# DATASET EXCERPT
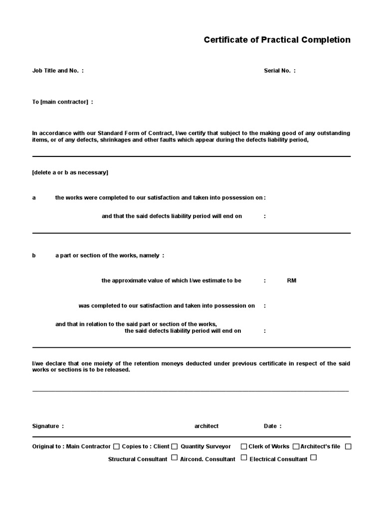 Practical Completion Certificate Template Uk - Great Design Layout ...
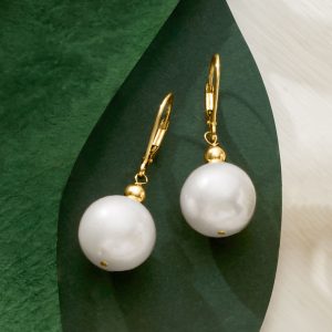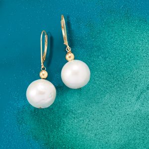 13-14mm Cultured Pearl Drop Earrings in 14kt Yellow Gold
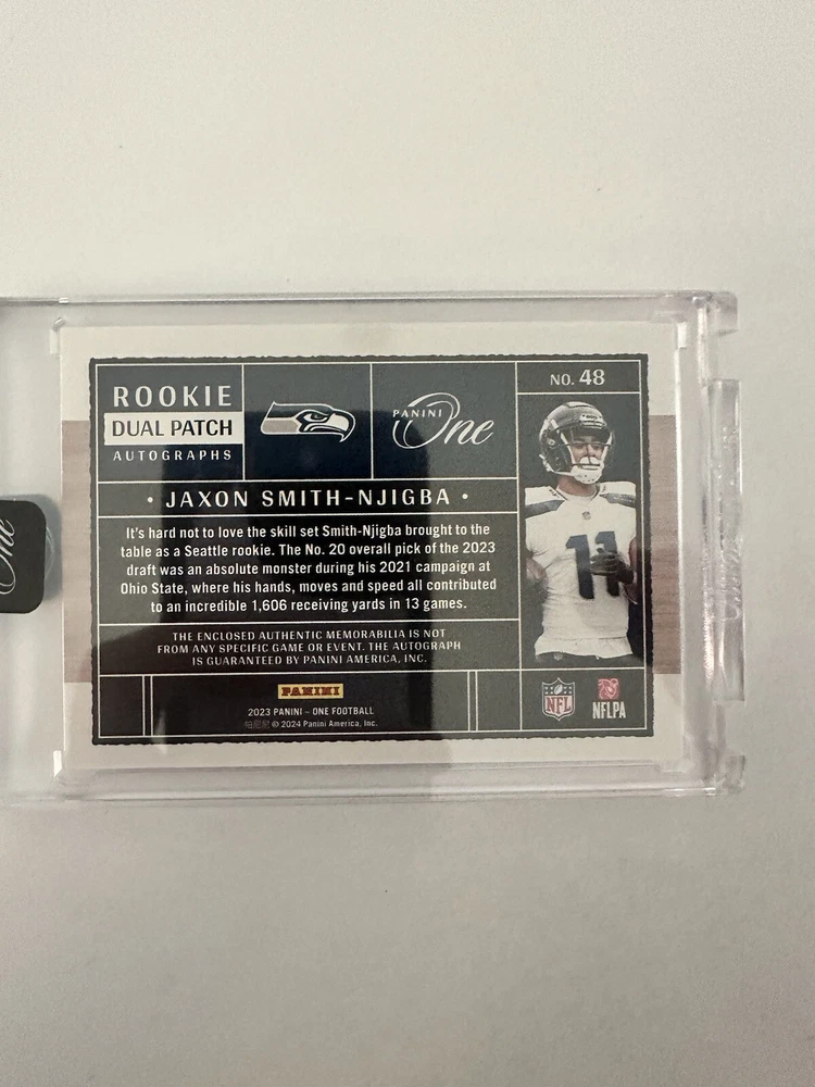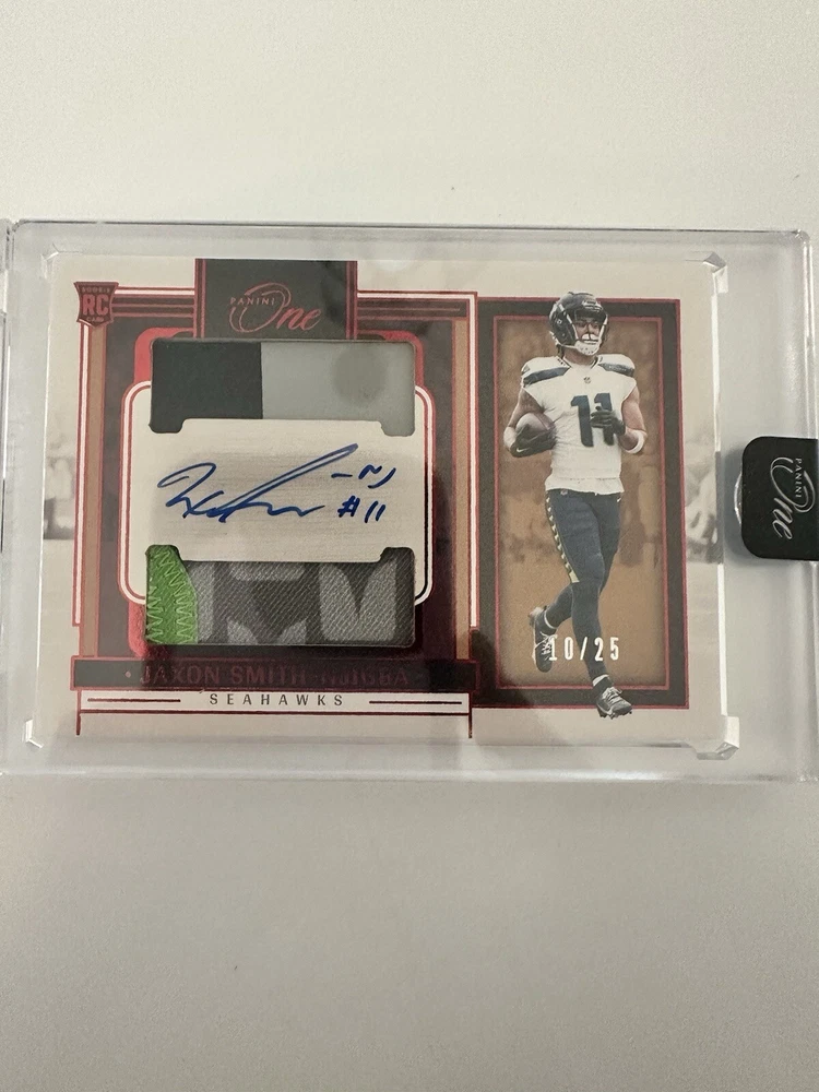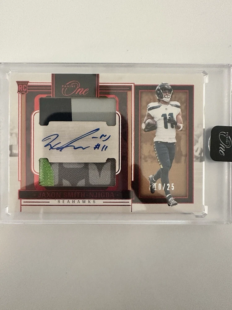 Jaxon Smith-Njigba 2023 Panini One Rookie Dual Patch Auto Red SSP /25 Sealed. Condition is Ungraded. Shipped with USPS Ground Advantage.
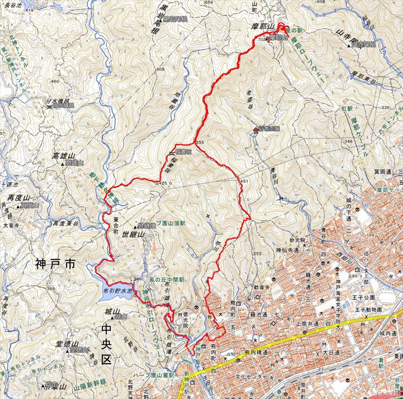 | コース | 新神戸駅 → 布引貯水池 → 摩耶山 → 学校林道 → 雷声寺 → 駐車場 |

# ACTIVITY
Reproduce the entire listing exactly, except for any pictures it contains.

# RESULT OF THE EXERCISE
 Practical Completion Certificate Template Uk - Great Design Layout ...
 13-14mm Cultured Pearl Drop Earrings in 14kt Yellow Gold
 Jaxon Smith-Njigba 2023 Panini One Rookie Dual Patch Auto Red SSP /25 Sealed. Condition is Ungraded. Shipped with USPS Ground Advantage.
 | コース | 新神戸駅 → 布引貯水池 → 摩耶山 → 学校林道 → 雷声寺 → 駐車場 |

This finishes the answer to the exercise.